▶ [What this task involves]: Look through the data below and output, unchanged, every line from the one holding "- ได้รับมาตรฐาน มอก.1693-2547" through the one holding "Crafted in premium", inclusive. Skip the pictures.
START Data section
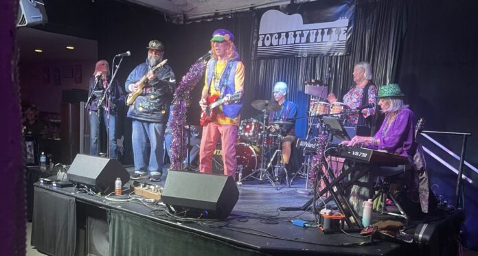 The Mardi Gras celebration at Fogartyville had sold out days before we arrived. No more than two hundred guests sat at tables in front of a small stage to hear Kid Red (A.K.A. Larry Chiri) and the NOLAsota Krewe or Pontchartrain All-Stars (take your pick) pull out all of the stops on the Fat Tuesday carnival finale before the start of Lent. Kid Red hosts the Louisiana Gumbo segment on Radio WSLR Wednesdays 2-4PM, making him the obvious choice for the Mardi Gras gig.
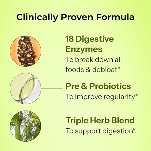 FAST-ACTING, 30 MINUTE DEBLOAT FORMULA: Support digestion and help with bloating with our blend of 18 full-spectrum digestive enzymes like lipase, amylase, and bromelain. These enzymes are designed to assist in breaking down proteins, carbs, fats, and fiber, promoting digestive health and providing support from bloating for women and men.
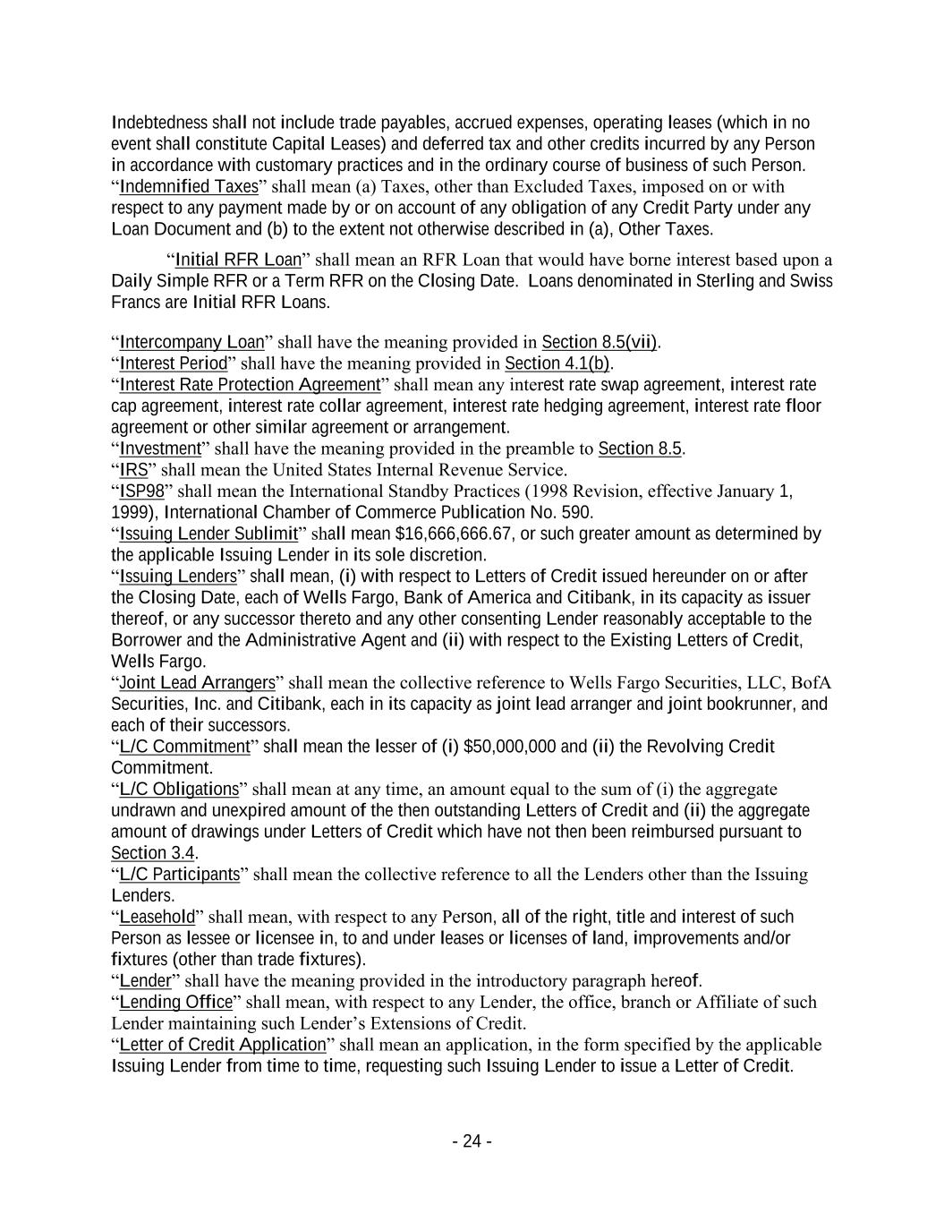 - 24 - Indebtedness shall not include trade payables, accrued expenses, operating leases (which in no event shall constitute Capital Leases) and deferred tax and other credits incurred by any Person in accordance with customary practices and in the ordinary course of business of such Person. “Indemnified Taxes” shall mean (a) Taxes, other than Excluded Taxes, imposed on or with respect to any payment made by or on account of any obligation of any Credit Party under any Loan Document and (b) to the extent not otherwise described in (a), Other Taxes. “Initial RFR Loan” shall mean an RFR Loan that would have borne interest based upon a Daily Simple RFR or a Term RFR on the Closing Date. Loans denominated in Sterling and Swiss Francs are Initial RFR Loans. “Intercompany Loan” shall have the meaning provided in Section 8.5(vii). “Interest Period” shall have the meaning provided in Section 4.1(b). “Interest Rate Protection Agreement” shall mean any interest rate swap agreement, interest rate cap agreement, interest rate collar agreement, interest rate hedging agreement, interest rate floor agreement or other similar agreement or arrangement. “Investment” shall have the meaning provided in the preamble to Section 8.5. “IRS” shall mean the United States Internal Revenue Service. “ISP98” shall mean the International Standby Practices (1998 Revision, effective January 1, 1999), International Chamber of Commerce Publication No. 590. “Issuing Lender Sublimit” shall mean $16,666,666.67, or such greater amount as determined by the applicable Issuing Lender in its sole discretion. “Issuing Lenders” shall mean, (i) with respect to Letters of Credit issued hereunder on or after the Closing Date, each of Wells Fargo, Bank of America and Citibank, in its capacity as issuer thereof, or any successor thereto and any other consenting Lender reasonably acceptable to the Borrower and the Administrative Agent and (ii) with respect to the Existing Letters of Credit, Wells Fargo. “Joint Lead Arrangers” shall mean the collective reference to Wells Fargo Securities, LLC, BofA Securities, Inc. and Citibank, each in its capacity as joint lead arranger and joint bookrunner, and each of their successors. “L/C Commitment” shall mean the lesser of (i) $50,000,000 and (ii) the Revolving Credit Commitment. “L/C Obligations” shall mean at any time, an amount equal to the sum of (i) the aggregate undrawn and unexpired amount of the then outstanding Letters of Credit and (ii) the aggregate amount of drawings under Letters of Credit which have not then been reimbursed pursuant to Section 3.4. “L/C Participants” shall mean the collective reference to all the Lenders other than the Issuing Lenders. “Leasehold” shall mean, with respect to any Person, all of the right, title and interest of such Person as lessee or licensee in, to and under leases or licenses of land, improvements and/or fixtures (other than trade fixtures). “Lender” shall have the meaning provided in the introductory paragraph hereof. “Lending Office” shall mean, with respect to any Lender, the office, branch or Affiliate of such Lender maintaining such Lender’s Extensions of Credit. “Letter of Credit Application” shall mean an application, in the form specified by the applicable Issuing Lender from time to time, requesting such Issuing Lender to issue a Letter of Credit.
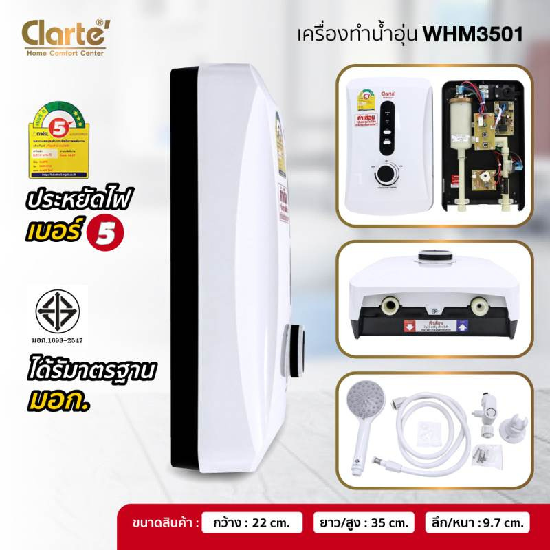 - ได้รับมาตรฐาน มอก.1693-2547 สำหรับตัวเครื่อง และ มอก.2066-2552 สำหรับฝักบัว
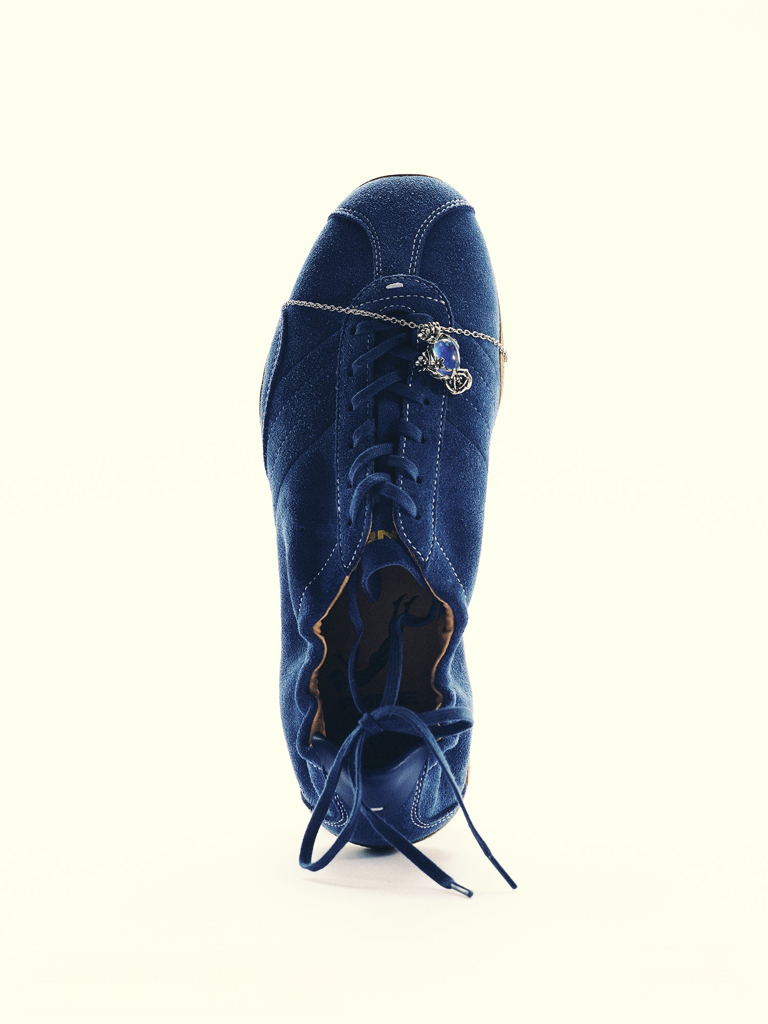 Crafted in premium cattle split leather, the upper delivers a smooth, refined texture with a quiet sense of luxury. Each pair features a leather-lined insole, 5mm Ortholite cushioning, and a cork midsole to ensure superior comfort. The updated two-piece lightweight rubber outsole offers increased softness and flexibility, contouring naturally to the foot’s curve. With its elongated form and gracefully sculpted arch, the silhouette embodies modern elegance. Every pair comes with two sets of laces, allowing for versatile styling with ease.
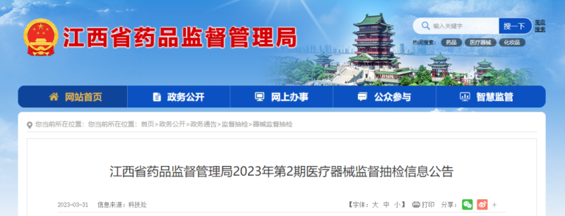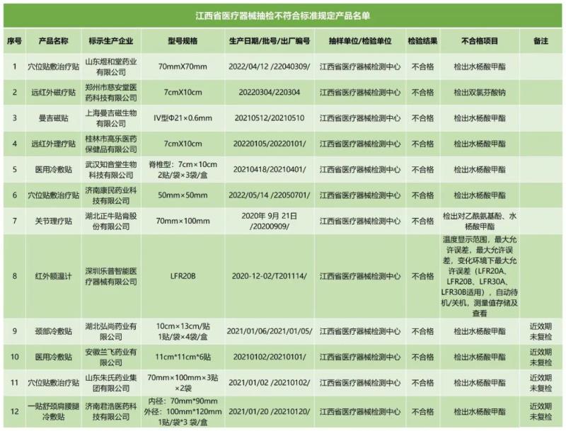 近日,江西省藥品監(jiān)管局發(fā)布2023年第2期醫(yī)療器械監(jiān)督抽檢信息公告。此次共檢出12批次不合格產(chǎn)品,涉及:標稱深圳樂普智能醫(yī)療器械有限公司生產(chǎn)的紅外額溫計(LFR20B)、標稱山東煜和堂藥業(yè)有限公司生產(chǎn)的穴位貼敷治療貼、標稱鄭州市慈安堂醫(yī)藥科技有限公司生產(chǎn)的遠紅外磁療貼等產(chǎn)品,具體如下:
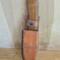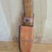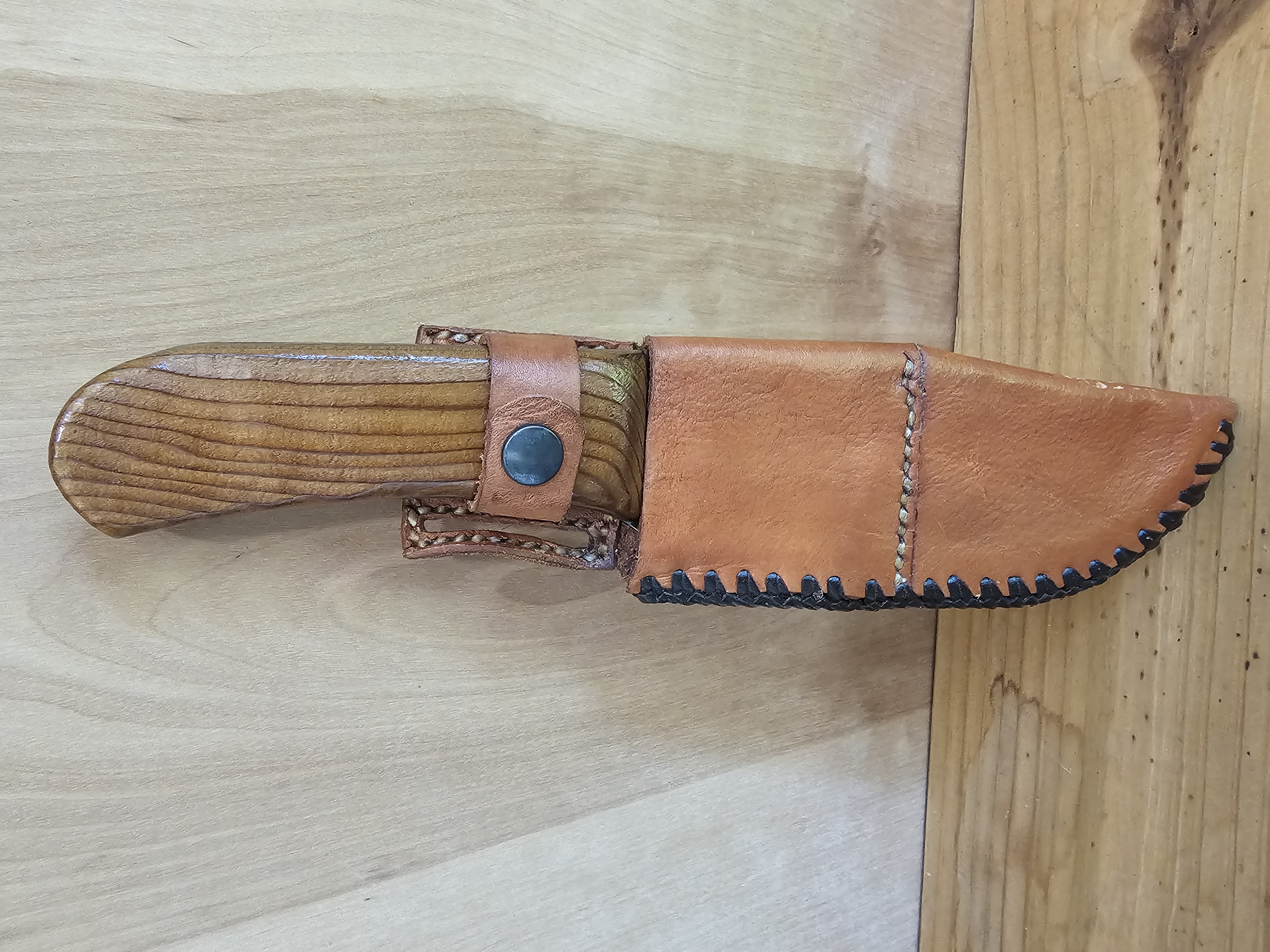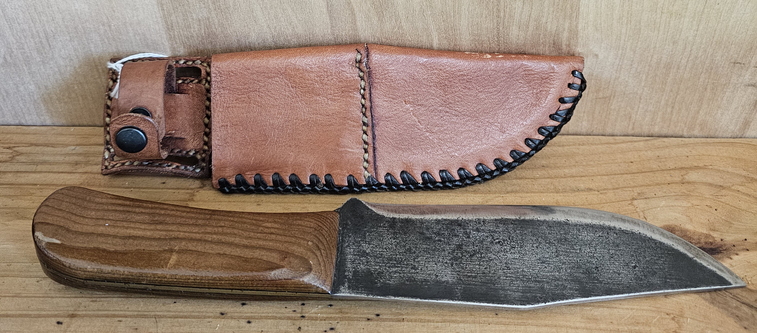 Repurposed Kitchen butcher knife blade into a camping/hunting knife. The handle is wood the sheath is genuine leather.
END Data section
▶ [Answer area]:
 - ได้รับมาตรฐาน มอก.1693-2547 สำหรับตัวเครื่อง และ มอก.2066-2552 สำหรับฝักบัว
 Crafted in premium cattle split leather, the upper delivers a smooth, refined texture with a quiet sense of luxury. Each pair features a leather-lined insole, 5mm Ortholite cushioning, and a cork midsole to ensure superior comfort. The updated two-piece lightweight rubber outsole offers increased softness and flexibility, contouring naturally to the foot’s curve. With its elongated form and gracefully sculpted arch, the silhouette embodies modern elegance. Every pair comes with two sets of laces, allowing for versatile styling with ease.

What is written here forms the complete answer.